(Recorded information)

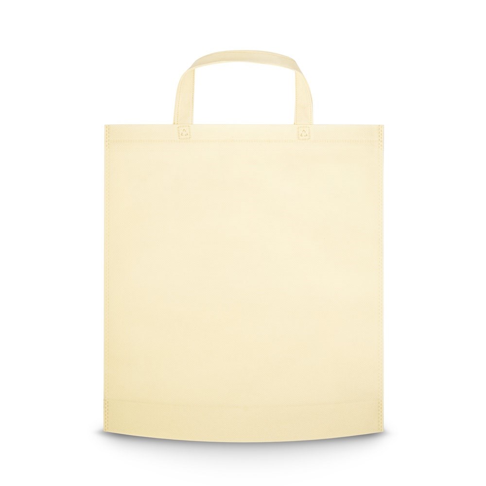 Tragetasche aus Non-Woven (80 g/m²), thermoversiegelt und mit 38 cm langen Henkeln. 380 x 415 x 85 mm
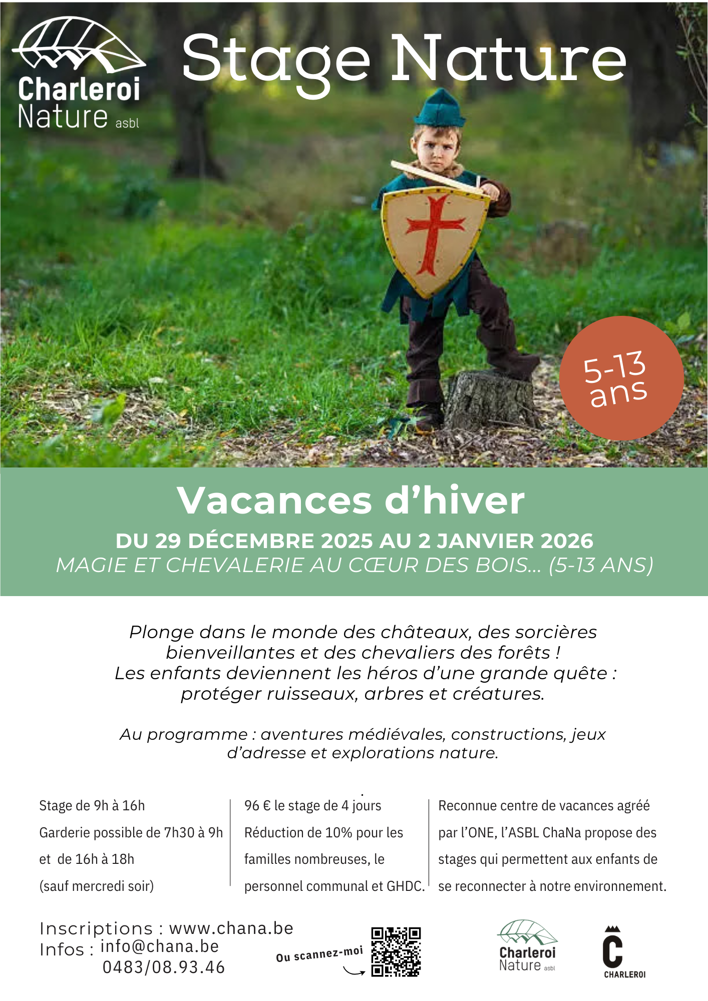 Entre Noël et Nouvel An, offrez à vos enfants une vraie pause nature ! Pendant que les adultes se reposent ou préparent les fêtes, les enfants peuvent vivre des aventures en plein air avec ChaNa : jeux, découvertes, cabanes, histoires et bonne humeur au cœur de la nature 🍃✨ Un stage idéal pour s’aérer, bouger et partager de beaux moments avec d’autres enfants avant la nouvelle année 💚
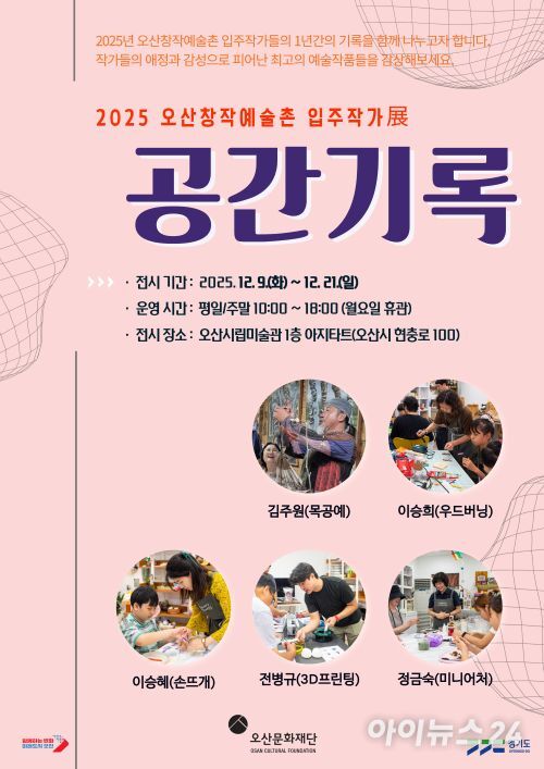 [아이뉴스24 김장중 기자] 경기도 (재)오산문화재단은 오는 9일부터 21일까지 오산시립미술관 1층 아지타트에서 ‘2025 오산창작예술촌 입주작가 전시회’를 개최한다.
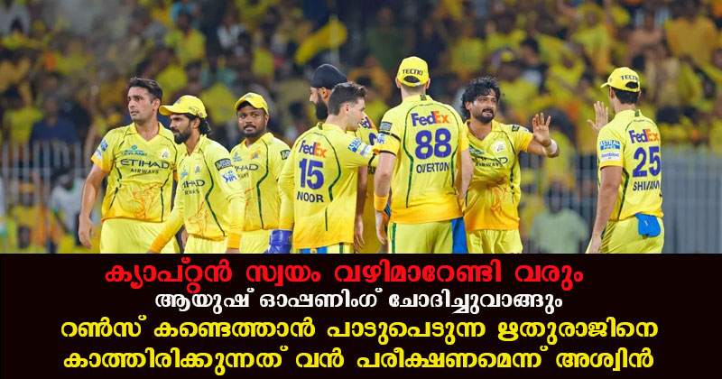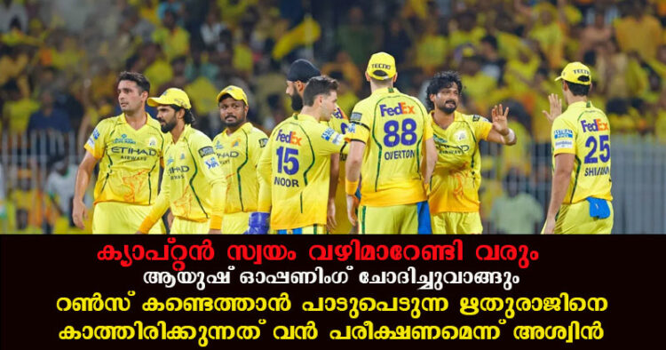 സഞ്ജു സാംസൺ (32 പന്തിൽ 48), ആയുഷ് മാത്രേ (17 പന്തിൽ 38), ഡെവാൾഡ് ബ്രെവിസ് (29 പന്തിൽ 41) എന്നിവരുടെ ബാറ്റിംഗ് പ്രകടനം ചെന്നൈയ്ക്ക് നൽകുന്ന ആത്മവിശ്വാസം ചെറുതല്ല. എന്നാൽ 5 ഇന്നിംഗ്സുകളിൽ നിന്ന് മൂന്നാം തവണയും ഒറ്റയക്കത്തിന് പുറത്തായ ക്യാപ്റ്റൻ രുതുരാജിന്റെ (6 പന്തിൽ 7) ഫോം വലിയ പ്രശ്നമാണ്.
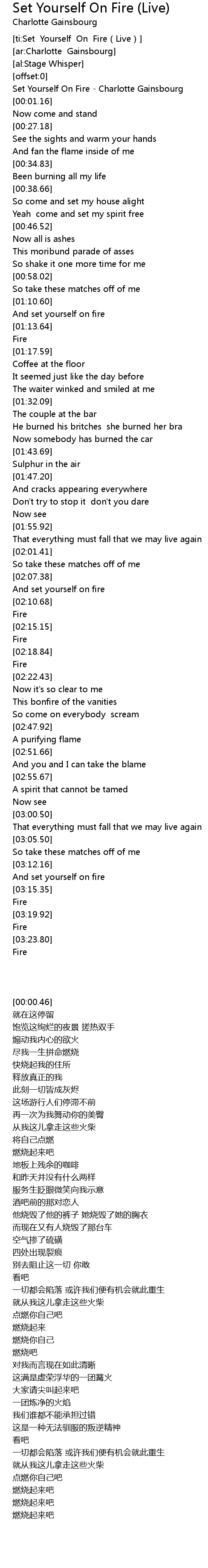 | [00:00.46] | Set Yourself On Fire Charlotte Gainsbourg |
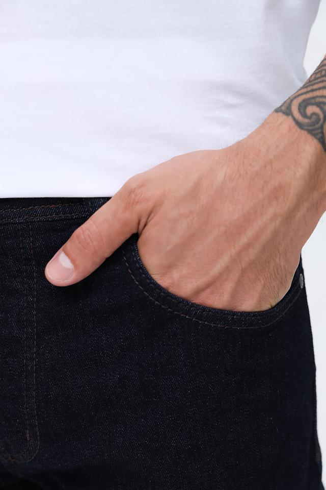 Джинсы имеют прямой крой, обеспечивающий комфортную посадку по фигуре. Ткань состоит из 98% хлопка и 2% эластана, что придает джинсам мягкость, эластичность и долговечность. Плотная джинсовая ткань обеспечивает износостойкость и сохраняет форму даже после многократных стирок.
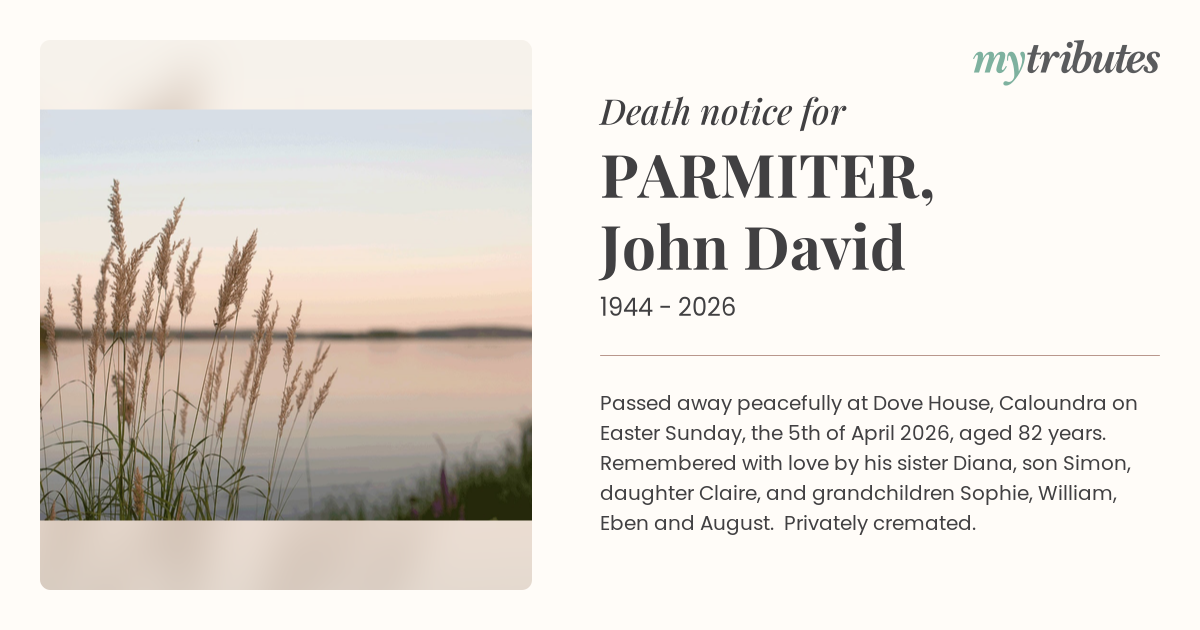 Passed away peacefully at Dove House, Caloundra on Easter Sunday, the 5th of April 2026, aged 82 years. Remembered with love by his sister Diana, son Simon, daughter Claire, and grandchildren Sophie, William, Eben and August. Privately cremated.
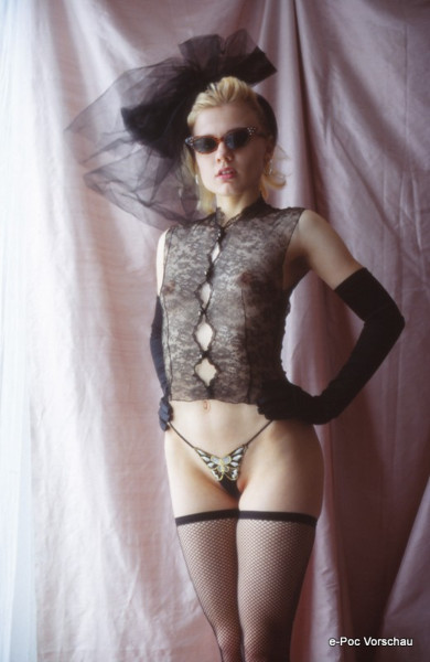 Spitzen-Top: Das abgebildete Modell trägt ein raffiniertes, durchsichtiges Spitzen-Top, das subtil und gleichzeitig provokativ ist. Es lässt durch seine filigranen Muster viel Freiraum für die Fantasie und unterstreicht die natürliche Schönheit seines Trägers.
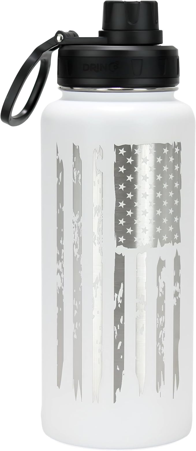 DRINCO Stainless Steel Water Bottle Spout Lid Vacuum Insulated Double Wall Water Bottle Wide Mouth Leak Proof Keep Cold Sport Camping (USA Flag) (32oz Artic White USA Flag, 32oz)
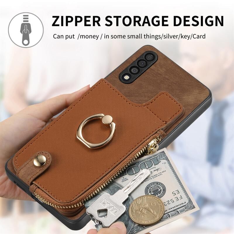 Για Samsung Galaxy A50 Cross Δερμάτινο δαχτυλίδι κάθετη φερμουάρ πορτοφόλι πίσω υπόθεση τηλεφώνου (καφέ)
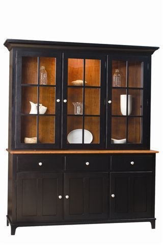 This solid wood hutch has three glass display doors on the top, plus three cabinet doors and three drawers on the bottom, providing maximum storage of your dining essentials. The hutch top backing is a solid wood tongue & groove back panel with a plywood back panel on the bottom section to prevent warping from seasonal changes.
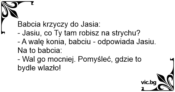 - A walę konia, babciu - odpowiada Jasiu.

(End Recorded information)

### Work to be completed
Set down each entry above exactly as it appears. Omit the pictures.

### Answer space
 Tragetasche aus Non-Woven (80 g/m²), thermoversiegelt und mit 38 cm langen Henkeln. 380 x 415 x 85 mm
 Entre Noël et Nouvel An, offrez à vos enfants une vraie pause nature ! Pendant que les adultes se reposent ou préparent les fêtes, les enfants peuvent vivre des aventures en plein air avec ChaNa : jeux, découvertes, cabanes, histoires et bonne humeur au cœur de la nature 🍃✨ Un stage idéal pour s’aérer, bouger et partager de beaux moments avec d’autres enfants avant la nouvelle année 💚
 [아이뉴스24 김장중 기자] 경기도 (재)오산문화재단은 오는 9일부터 21일까지 오산시립미술관 1층 아지타트에서 ‘2025 오산창작예술촌 입주작가 전시회’를 개최한다.
 സഞ്ജു സാംസൺ (32 പന്തിൽ 48), ആയുഷ് മാത്രേ (17 പന്തിൽ 38), ഡെവാൾഡ് ബ്രെവിസ് (29 പന്തിൽ 41) എന്നിവരുടെ ബാറ്റിംഗ് പ്രകടനം ചെന്നൈയ്ക്ക് നൽകുന്ന ആത്മവിശ്വാസം ചെറുതല്ല. എന്നാൽ 5 ഇന്നിംഗ്സുകളിൽ നിന്ന് മൂന്നാം തവണയും ഒറ്റയക്കത്തിന് പുറത്തായ ക്യാപ്റ്റൻ രുതുരാജിന്റെ (6 പന്തിൽ 7) ഫോം വലിയ പ്രശ്നമാണ്.
 | [00:00.46] | Set Yourself On Fire Charlotte Gainsbourg |
 Джинсы имеют прямой крой, обеспечивающий комфортную посадку по фигуре. Ткань состоит из 98% хлопка и 2% эластана, что придает джинсам мягкость, эластичность и долговечность. Плотная джинсовая ткань обеспечивает износостойкость и сохраняет форму даже после многократных стирок.
 Passed away peacefully at Dove House, Caloundra on Easter Sunday, the 5th of April 2026, aged 82 years. Remembered with love by his sister Diana, son Simon, daughter Claire, and grandchildren Sophie, William, Eben and August. Privately cremated.
 Spitzen-Top: Das abgebildete Modell trägt ein raffiniertes, durchsichtiges Spitzen-Top, das subtil und gleichzeitig provokativ ist. Es lässt durch seine filigranen Muster viel Freiraum für die Fantasie und unterstreicht die natürliche Schönheit seines Trägers.
 DRINCO Stainless Steel Water Bottle Spout Lid Vacuum Insulated Double Wall Water Bottle Wide Mouth Leak Proof Keep Cold Sport Camping (USA Flag) (32oz Artic White USA Flag, 32oz)
 Για Samsung Galaxy A50 Cross Δερμάτινο δαχτυλίδι κάθετη φερμουάρ πορτοφόλι πίσω υπόθεση τηλεφώνου (καφέ)
 This solid wood hutch has three glass display doors on the top, plus three cabinet doors and three drawers on the bottom, providing maximum storage of your dining essentials. The hutch top backing is a solid wood tongue & groove back panel with a plywood back panel on the bottom section to prevent warping from seasonal changes.
 - A walę konia, babciu - odpowiada Jasiu.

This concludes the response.